Затем из той же пустоты донеслось:
— В Мюнхене беспорядки…
— Ваш заказ! — говорит кельнер, гремя посудой.
Нексе достает из кармана бумажник.
— Девять миллионов за чашку кофе и четыре за стакан молока, — бесстрастно сообщает кельнер.
— Вы же сказали: пять и три.
— Весьма сожалею. Пока вы сидели, цены поднялись.
Нексе раскатисто хохочет. Вынимает пятидесятимиллионную бумажку и протягивает кельнеру.
— Пожалуйста, и два миллиона на чай. Впервые я так роскошествую. Приятно быть миллионером.
В ресторан, громко разговаривая, входят двое: гигант Майер, самоуверенный, вызывающе элегантный, и какая-то почтительная личность со смазанными чертами. Они проходят к ближайшему от семьи Нексе столику, и рысьи глаза Майера немедленно узнают старого знакомца.
— Аве, Нексе, певец обездоленных! Какими судьбами! — Майер не без изящества кланяется Маргрете, подмигивает детям и плюхается на стул рядом с Нексе.
— Что тут у вас происходит? — спрашивает Нексе.
— Тут? Ровным счетом ничего, играют в солдатики. Ну, а в Мюнхене осадившийся пивом шизофреник пытался совершить переворот.
— Всего лишь? А кто этот спившийся шизофреник?

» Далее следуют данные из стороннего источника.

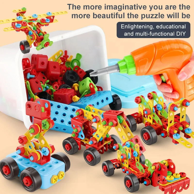Child Screw Toys Electric Drill Tool Box Develop Creative Building Block Boys Educational Building Block Nut Assembly Toys

— Некто Гитлер, в девичестве Шикльгрубер. Бывший ефрейтор, контуженный то ли гранатой, то ли пивной кружкой. Но всю компашку быстро обезвредили и кинули за решетку. Этот детский бунт уже получил прозвище «Пивной путч»… Одним словом, ничего серьезного.
— Пивной путч — смешно. Но как бы потом плакать не пришлось. История щедра на печальные примеры: начинают дети и сумасшедшие, а расплачиваются взрослые, серьезные люди. Я давно приглядываюсь к послевоенной Германии: из-за растерянности, подавленности, показного миролюбия и демократических поз все чаще выглядывает кабанье рыло реваншизма.

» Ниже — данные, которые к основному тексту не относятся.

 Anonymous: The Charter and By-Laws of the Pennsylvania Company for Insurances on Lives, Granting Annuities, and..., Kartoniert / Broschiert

— Вы всегда были слабым политиком, Нексе. Ваша Веймарская республика — дама покладистая, но, когда надо, и жестокая. С военными авантюрами покончено. Но думать, что Германия удовлетворится ролью второстепенной державы и будет послушно принимать скудную пищу из чужих рук, — ребячество, хуже — идиотизм. Мы недолго сохранили название рейха. Такой народ в узде не удержишь. И черная кровь Рура…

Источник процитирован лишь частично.